If we interact with the external systems for each incoming record, we incur significant network IO and RPC overhead. Therefore, most connectors introduce caching to reduce the per-record level query overhead, such as Hbase and JDBC. However, because the data distribution of Lookup Join's input stream is arbitrary, the cache hit rate is sometimes unsatisfactory.
FLIP-204 introduces Hash Lookup Join that distributing data according to the hash of Join keys. For LookupFunction using partial-caching strategy, this can improve the hit rate. However, in some external system, the data itself has a certain distribution pattern.

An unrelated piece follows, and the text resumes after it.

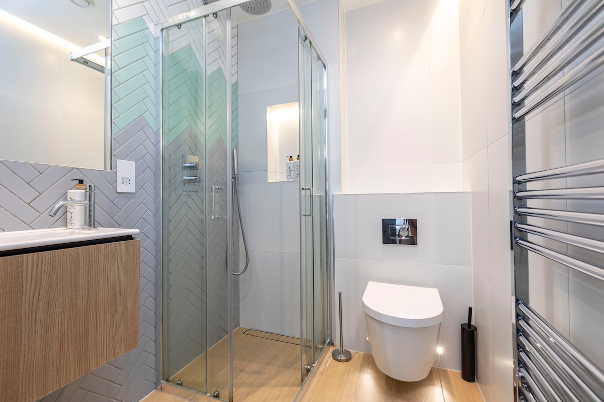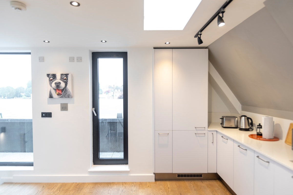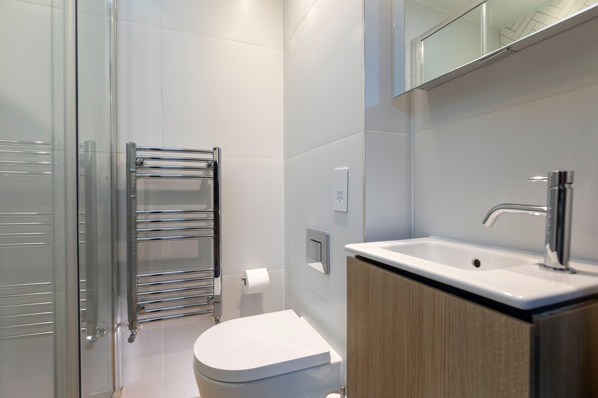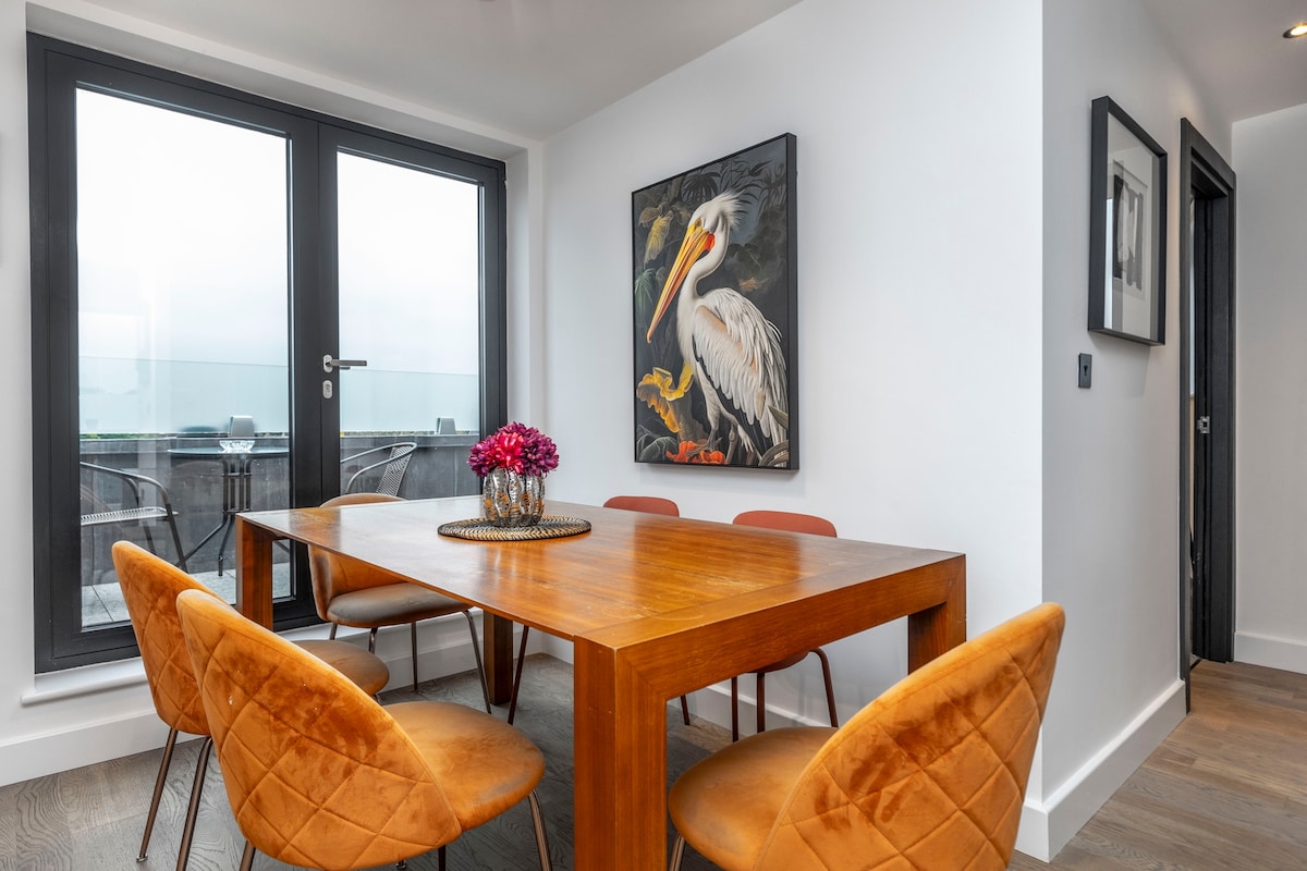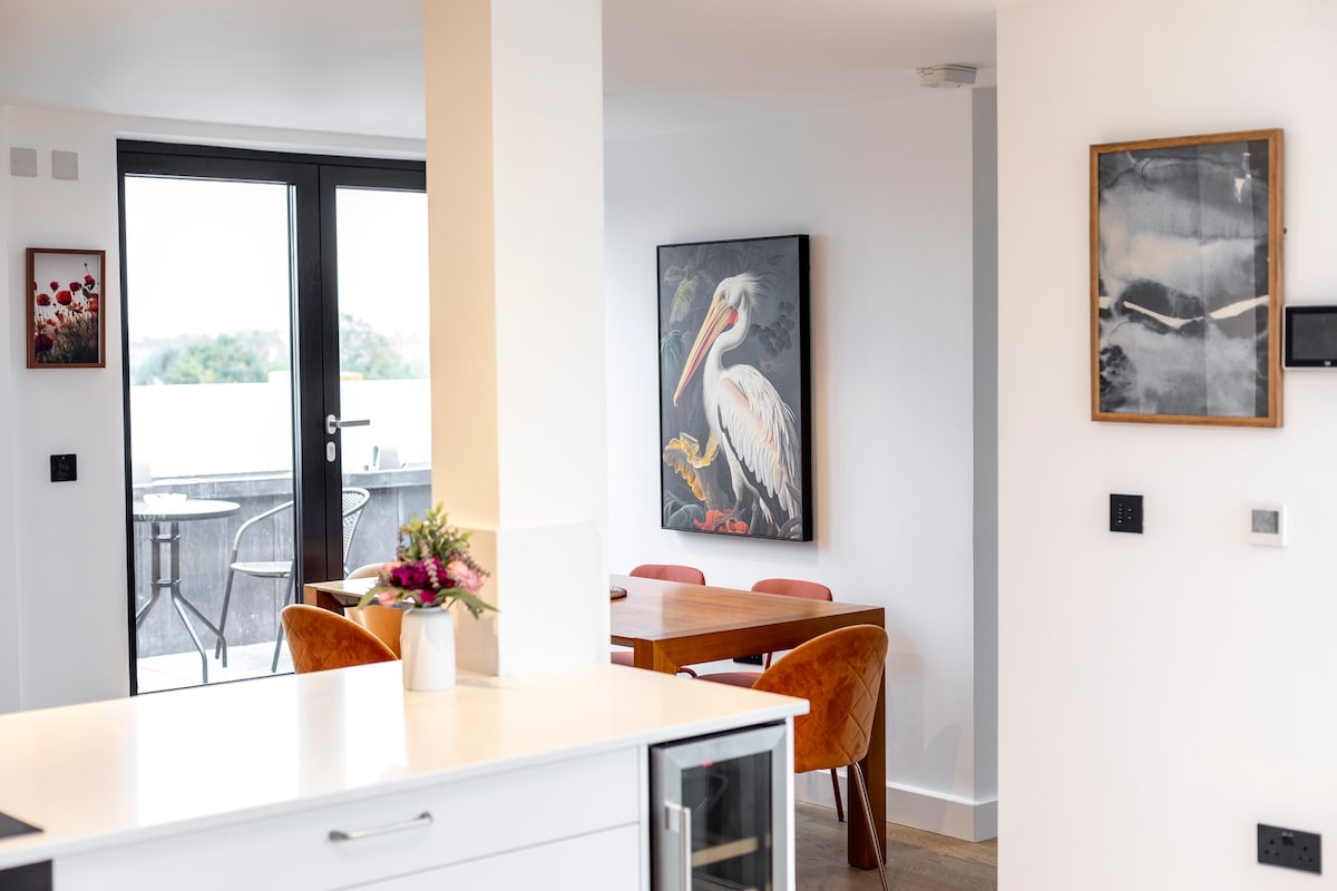 Welcome to our 3-bedroom, 3-bathroom flat, just a 5-minute walk to Kentish Town Tube station, located on the 3rd (Top) floor in a modern building, perfect for up to 6 guests! The main floor has a wide entrance, a bedroom with a king-size bed, and a full bathroom. Upstairs, a bright living area and fully equipped kitchen, with access to three balconies. There are two more king-size bedrooms, each with its ensuite bathroom. Fibre WiFi is available throughout the flat, and the building has a lift.

For example, Apache Paimon organizes data in buckets, partitioning by join key is not conducive to data locality.
As you can see, external systems may have different requirements for data distribution on the Input side, and Flink does not have this knowledge. We want to introduce a mechanism for the connector to tell the Flink planner its desired input stream data distribution or partitioning strategy. This can significantly reduce the amount of cached data and improve performance of Lookup Join.
Public Interfaces
We propose to introduce the following interface as a new ability for LookupTableSource connector.
/**
* This interface is designed to allow connectors to provide a custom partitioning strategy for the
* data that is fed into the {@link LookupTableSource}. This enables the Flink Planner to optimize
* the distribution of input stream across different subtasks of lookup-join node to match the
* distribution of data in the external data source.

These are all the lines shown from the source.